Retired judge Heather Hallett, who is leading the ongoing inquiry, said the government wrongly believed in 2019 that it was one of the best-prepared countries in the world for an outbreak and it anticipated the wrong pandemic — influenza.
“This belief was dangerously mistaken," Hallett said in releasing her first report. “In reality, the U.K. was ill-prepared for dealing with the whole-system civil emergency of a pandemic, let alone the coronavirus pandemic that actually struck.”

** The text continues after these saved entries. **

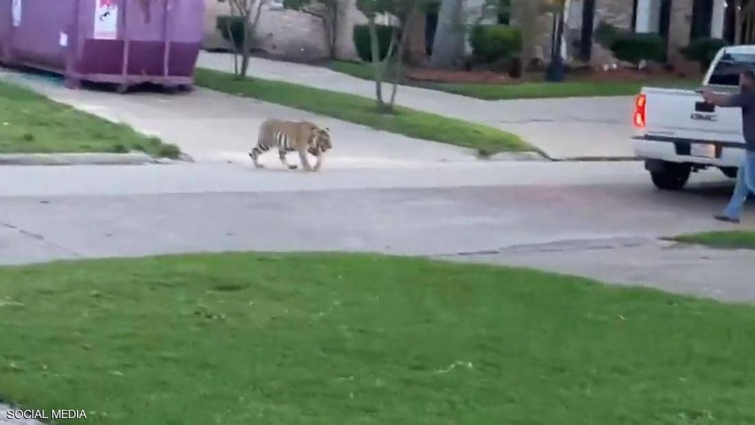 شاهد.. نمر يتجول في حي سكني بولاية تكساس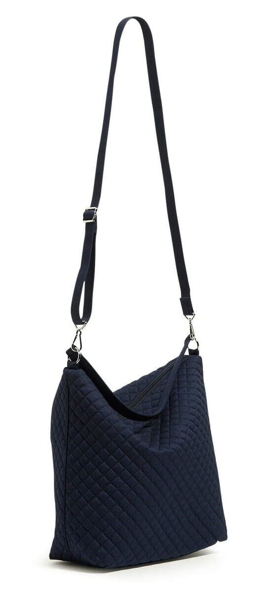 Объемная сумка через плечо Hobo из переработанного хлопка. Снаружи имеется потайной боковой карман на молнии. Внутри есть два накладных кармана и карман на молнии.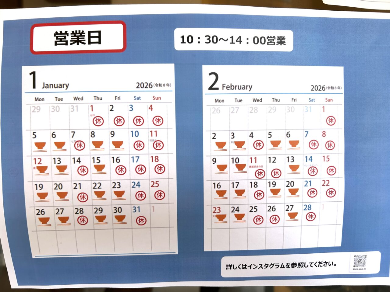 営業日は週4日。Instagramでご確認ください。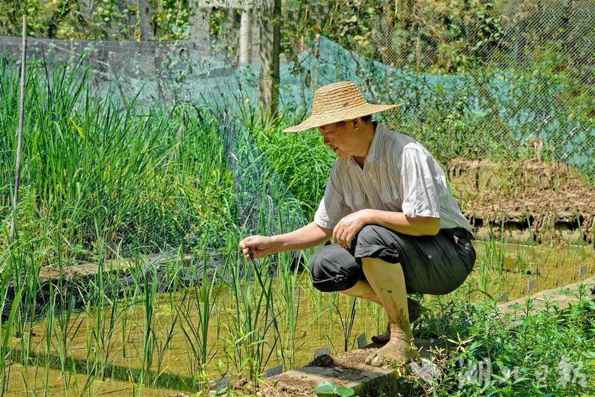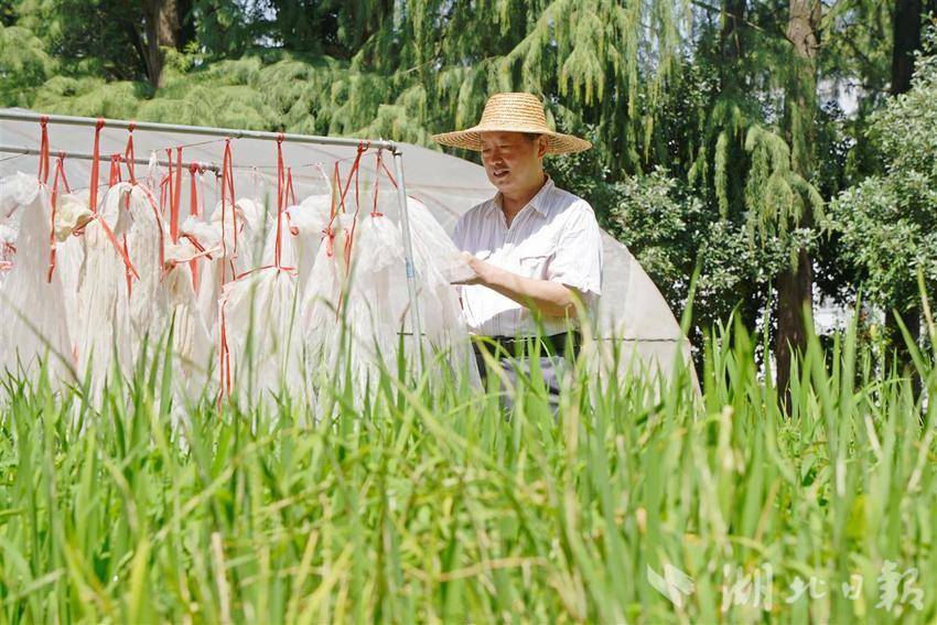 2023年09月6日,在武汉大学实验基地,何光存教授在观察水稻并汇总课题指导情况。(通讯员 曹海钢 摄)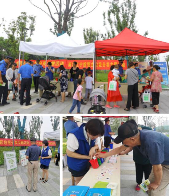 上午九點,網(wǎng)格員們及綜管辦的工作人員就已在美麗的秦淮河畔布置好場地、拉好橫幅、放置好宣傳展板、準(zhǔn)備好宣傳手冊。隨著居民群眾的陸續(xù)到來,網(wǎng)格員和綜管辦的工作人員向大家介紹了垃圾分類的重要性,并通過垃圾分類小游戲,在互動中增進(jìn)大家對于垃圾分類知識的了解,如不同顏色的垃圾桶代表的不同意義:藍(lán)色桶代表“可回收物”,綠色桶代表“廚余垃圾”,紅色桶代表“有害垃圾”,黑色桶代表“其他垃圾”等內(nèi)容,號召大家垃圾分類從自己做起,共同養(yǎng)成低碳環(huán)保的生活習(xí)慣,踐行低碳環(huán)保理念為垃圾分類當(dāng)表率,為美麗龍西做貢獻(xiàn)。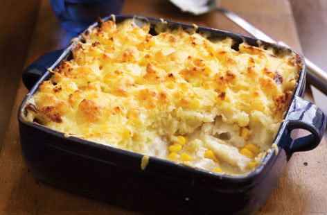 Fish fillet in cream cheese and chives sauce Topped with mashed potatoes and cheddar cheese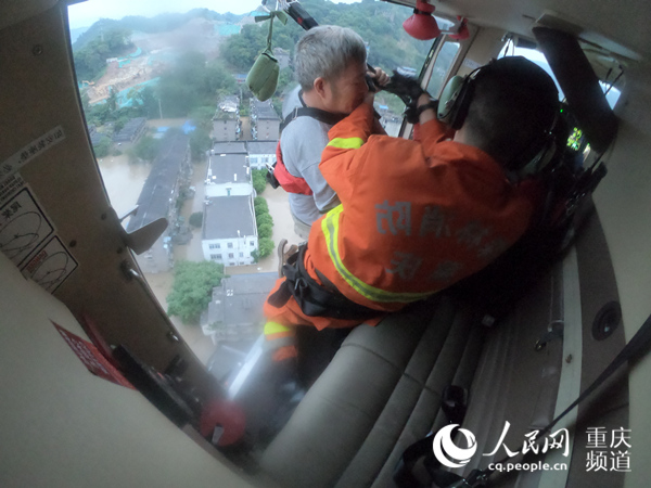 重慶出動直升機營救被困市民。重慶市航空應急救援總隊供圖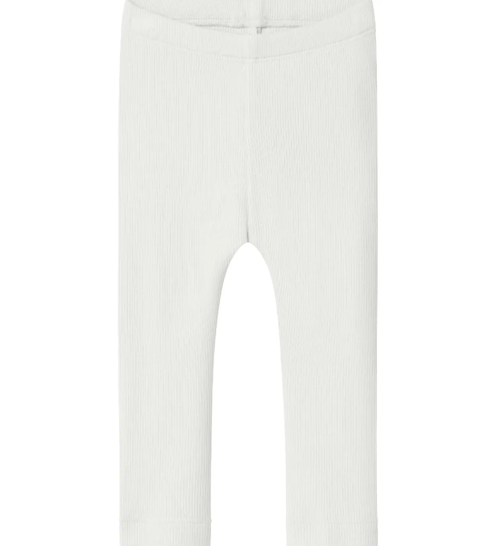 Fine Name It leggings i hvid med ribstruktur. Name It leggingsene har en elastisk talje, der sikrer en god pasform.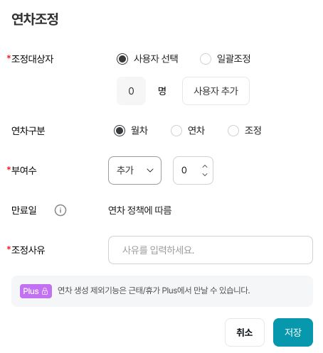 - 선택한 대상자에게 월차, 연차, 조정을 기준으로 휴가를 추가 또는 차감 가능

The COVID-19 pandemic has been blamed for more than 235,000 deaths in the U.K. through the end of 2023 — one of the highest death tolls in the world.
“Today’s report confirms what many have always believed — that the U.K. was under-prepared for COVID-19, and that process, planning and policy across all four nations failed U.K. citizens," Prime Minister Keir Starmer said, referring to England, Northern Ireland, Scotland and Wales.
“The safety and security of the country should always be the first priority, and this government is committed to learning the lessons from the inquiry and putting better measures in place to protect and prepare us from the impact of any future pandemic," he said.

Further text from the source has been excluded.